Histological examinations and confocal microscopy

Brain derived from mock and JEV-infected mice were embedded in paraffin and 10-µm sections were prepared and stained with hematoxylin and eosin (H&E). Sections were analyzed using a Nikon Eclipse E600 microscope (Nikon, Tokyo, Japan). For confocal microscopy of brain tissue, brains were collected and frozen in optimum cutting temperature (OCT) compound (Sakura Finetechnical Co., Tokyo, Japan) following vigorous perfusion with HBSS. 6–7 µm thick sections were then cut, air-dried, and fixed in cold solution (1∶1 mixture of acetone and methanol) for 15 min at −20°C. Non-specific binding was blocked with 10% normal goat serum, and samples were then permeabilized with 0.1% Triton X-100. Staining was performed by incubating sections overnight in moist chamber at 4°C with anti-JEV and biotin conjugated anti-mouse CD11b (BD Biosciences, San Diego, CA) antibody. Primary antibodies were detected with secondary FITC-conjugated streptavidin and PE-conjugated goat anti-mouse Ab. Nuclei were counterstained with DAPI (4′6-diamidino-2-phenylindole) (Sigma-Aldrich). Finally, the fluorescence was observed by confocal laser scanning microscope (CalZeiss, Zena, Germany).

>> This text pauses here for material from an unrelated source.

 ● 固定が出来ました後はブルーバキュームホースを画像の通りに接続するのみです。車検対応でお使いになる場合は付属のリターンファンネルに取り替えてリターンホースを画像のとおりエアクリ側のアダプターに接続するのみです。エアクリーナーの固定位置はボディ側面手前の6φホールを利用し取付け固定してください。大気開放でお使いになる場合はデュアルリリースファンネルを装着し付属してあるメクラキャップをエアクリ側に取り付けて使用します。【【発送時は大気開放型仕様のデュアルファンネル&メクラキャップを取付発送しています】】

Evaluation of BBB permeability

Blood–brain barrier (BBB) permeability was determined by visualizing and quantifying extravasated Evans blue dye into the brain, as described earlier with some modification [20], [21]. Briefly, JEV-infected mice were injected i.p. with 800 µl of 1% (w/v) Evans Blue dye (Sigma-Aldrich) 2 and 3 days pi, and perfused via intracardiac puncture with HBSS 1 h later. Brains were subsequently removed, weighed, and stored at −80°C following visualization with a high resolution digital camera. For Evans blue quantification, brain tissues were homogenized in 1 ml of PBS, and 1 ml of 100% trichloroacetic acid (TCA) (Sigma-Aldrich) was then added to the homogenate to precipitate proteins. The mixture was then vigorously shaken to precipitate the proteins for 2 min and cooled for 30 min at 4°C. After centrifugation (30 min at 4,000 ×g), the absorbance of the supernatant was measured at 620 nm using a spectrophotometer. The content of Evans blue was valued as micrograms of dye per gram of brain tissue by using a standard curve.

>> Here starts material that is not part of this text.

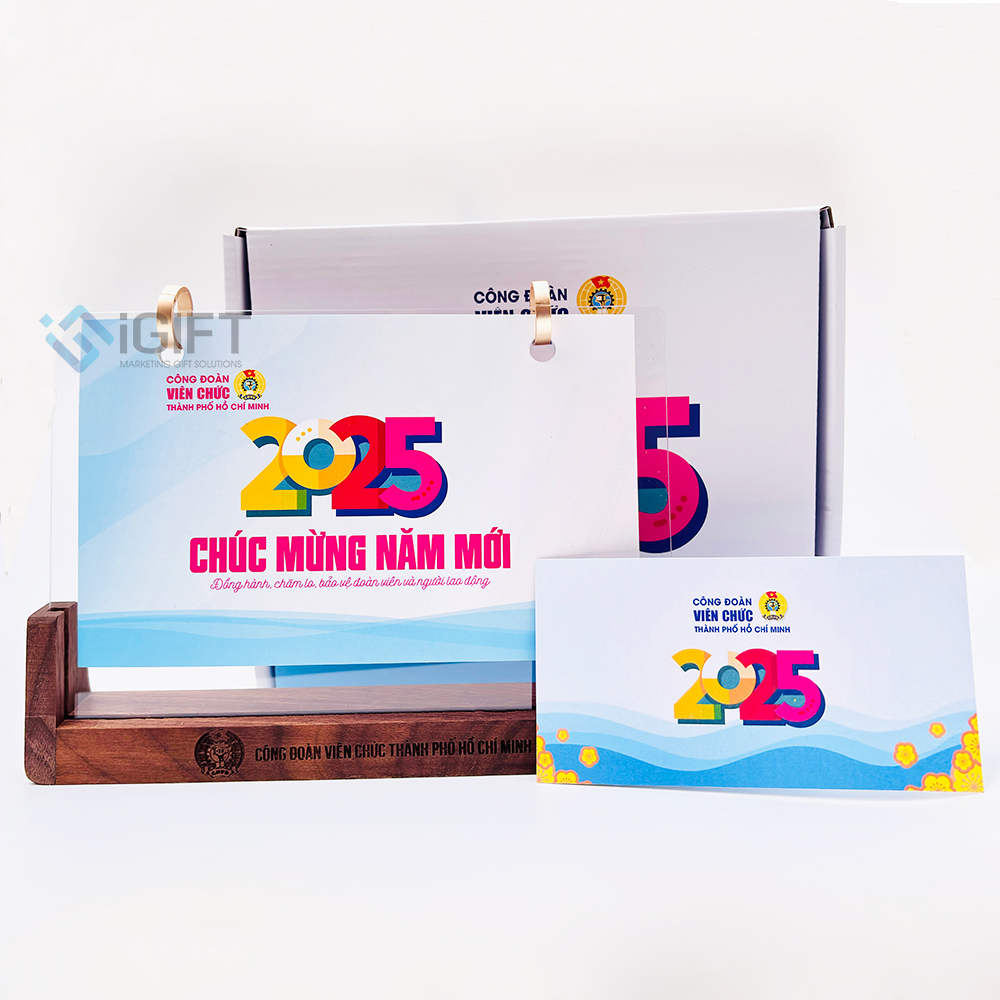 Không chỉ cung cấp lịch đế gỗ cao cấp, iGIFT còn là đơn vị sản xuất – gia công – in ấn quà tặng doanh nghiệp trọn gói, bao gồm: quà tặng văn phòng, quà Tết, phụ kiện khắc logo, hộp quà và vật phẩm quảng bá thương hiệu.

Primary cell culture and infection

(i) Myeloid-derived DCs and macrophages.

Myeloid-derived DCs (BMDC) and macrophages (BMDM) were prepared from bone marrow cells of TLR3−/−, TLR4−/−, and WT mice, as described earlier with some modification [27]. Briefly, for BMDC, bone marrow cells (3×105 cells/ml) from femurs and tibiae were cultured in RPMI 1640 supplemented with 2 ng/ml GM-CSF and 10 ng/ml IL-4. On day 3, another 6 ml of fresh complete medium containing 2 ng/ml GM-CSF and 10 ng/ml IL-4 was added, and half of the medium was changed on day 6. On day 8, non-adherent and loosely adherent DCs were harvested by vigorous pipetting. Cells were then characterized by flow cytometric analysis, which revealed that the culture generally consisted of >85% CD11c+ cells (25% CD11c+CD11b+ and 65% CD11c+CD8α+). BMDM was prepared by culturing bone marrow cells in DMEM supplemented containing 30% L929 cell-conditioned medium (LCCM) as a source of macrophage-colony stimulating factor (M-CSF). On day 3, another 6 ml of fresh complete medium containing 30% LCCM was added, and half of the medium was changed on day 6. The cultured cells were harvested following 8-day incubation and were analyzed by flow cytometry. The prepared BMDMs were composed of >85% F4/80+ cells that consisted of 99.2% F4/80+CD11b+ and ∼1% F4/80+CD11c+ cells. Prepared BMDC and BMDM were infected with JEV at a MOI of 1.0 for viral replication and 10 MOI for cytokine expression.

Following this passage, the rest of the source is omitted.